Once you vectorize your code, you can then start profiling it if its still too slow. You should be able to find a lot of simple examples on how to vectorize python, and some of the alternative options.
EDIT: Let me clarify, that parallelizing inherently slow code is mostly pointless. First, is the issue that parallelizing slow code gives the false impression that you have made an improvement. The "scaling up" of parallel code should always be done against the fastest possible single threaded version of the same code (within reason, no need to write everything in assembly before starting any parallel code). For example, consider a lock under contention. The more threads fighting for the lock, the slower the code will run, and you will get no (or negative) performance gains. One way to reduce contention for the lock is to simply slow down the code competing for the lock. This makes it appear as if there is no overhead from lock contention, when in actuality - you have no improvements because the fastest single threaded version of your code will outperform your parallel code.
Also, python really isn't a great language to learn how to write parallel code in. Python has the GIL , which essentially forces all multithreaded code in python to run as if there was but one CPU core.
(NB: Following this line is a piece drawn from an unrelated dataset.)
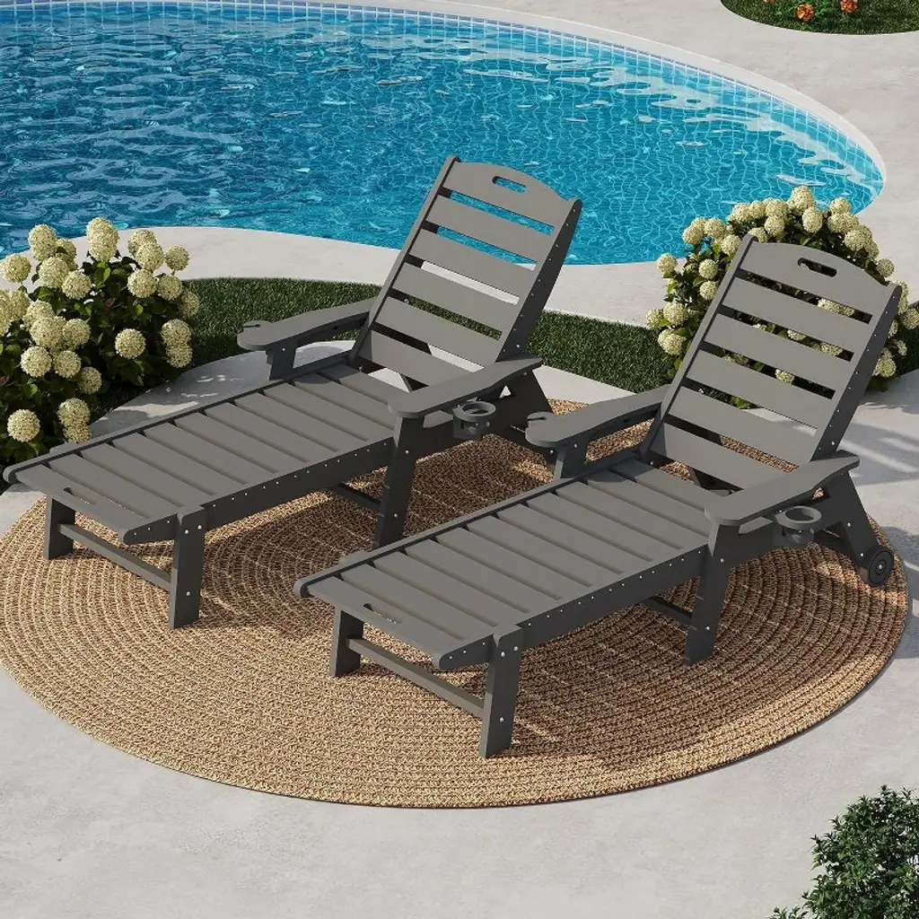 Lounge back and relax this summer with a friend or loved one with our charming Chaise Lounger with Arms and Wheels and side table. Relax by the pool this season in style with the modern Adirondack backrest that is easy to adjust, so you can sit up, lay your arms on the armrest and read a book, or lay back and catch a tan, while having your drink right by your side with our matching 18" side table. Each piece is made with a durable, eco-friendly HDPE material that is resistant to the harsh UV rays and has fade-resistant coloring, so you can keep your lounger looking great all season. If you need to move the lounger from storage or just need some more shade, simply pick up the lounger from the front and move to wherever you need with the helpful wheels that make moving it an ease. This lounger is sure to make your summer more relaxing and comfortable.While we strive to accurately represent product colors, please be aware that actual colors may vary slightly due to individual screen settings and lighting conditions. FeaturesSet Includes: Two (2) Chaise Loungers with arms and wheels and One (1) 18" Square Side TableEco-friendly HDPE materialAdjustable backrest for multiple lounging positionsSpacious armrest for all-day comfortWheels on back legs to move around or store with easeUV and Fade resistant protect color and material from harsh sunSimple to assembleDetails:Product Type: Patio Chaise LoungesWhat's Included: (2) Chaise Lounge; (1) Side TableChaise LoungeDimensions: 21" W x 75.5" D x 37.75" HWeight: 70 lbs.Seat Width: 21"Seat Depth: 44"Seat Height: 12.25"Weight Capacity: 330 lbs.Table Top Thickness: 0.5"Seat Width: 21"Seat Depth: 44"Side TableDimensions: 17.75" W x 17.75" D x 17" HWeight: 15.75 lbs.Table Top Thickness: 0.5"Weight Capacity: 110 lbs.

This means bizarre hacks (such as the one you linked) must be done, which have their own additional drawbacks and issues (there are times where such tricks are needed / used, but they shouldn't be the default for running code on a single machine). Don't expect what you learn writing any parallel python code to carry over to other languages or help you with your course.
I think you will have some good success depending on where your bottleneck is. One caveat - When I do code optimization I always like to profile the code, even informally to get an idea of where the bottlenecks are. This will help identify where the time is being spent i.e. file io, network latency, resource contention, not enough cpu cycles etc...
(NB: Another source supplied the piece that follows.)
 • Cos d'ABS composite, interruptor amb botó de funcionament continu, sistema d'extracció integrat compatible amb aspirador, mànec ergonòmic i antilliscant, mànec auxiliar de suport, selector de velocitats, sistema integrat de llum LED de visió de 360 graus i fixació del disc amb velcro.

For others who may not be familiar with the Expectation Maximization algorithm a very nice introduction is in Motion Segmentation using EM - a short tutorial, by Yair Weiss. Let us assume we have M data points and N classes/models.
In the EM algorithm there are two steps: Computing the distance between data points and models and Updating our model weights using weighted least squares.
Step 1 - Expectation stage
for data_point in M:
for current_model in N:
compute distance or residual between data_point and current_model
Step 2 - Maximization stage
for each model, compute weighted least squares solving for the model parameters
This requires solving N weighted least square problems where the size is
dependent on the number of parameters in the model that will be solved for.
Your bottleneck may be in the stage of computing the residuals or distances between the data points and the models stage 1 - E Step. In this stage the computations are all independent. I would consider the first stage as embarassingly parallel and quite amenable to parallel computation using parallel map reduce or some other tools in python. I have good success using IPython for such tasks, but there are other good python packages as well.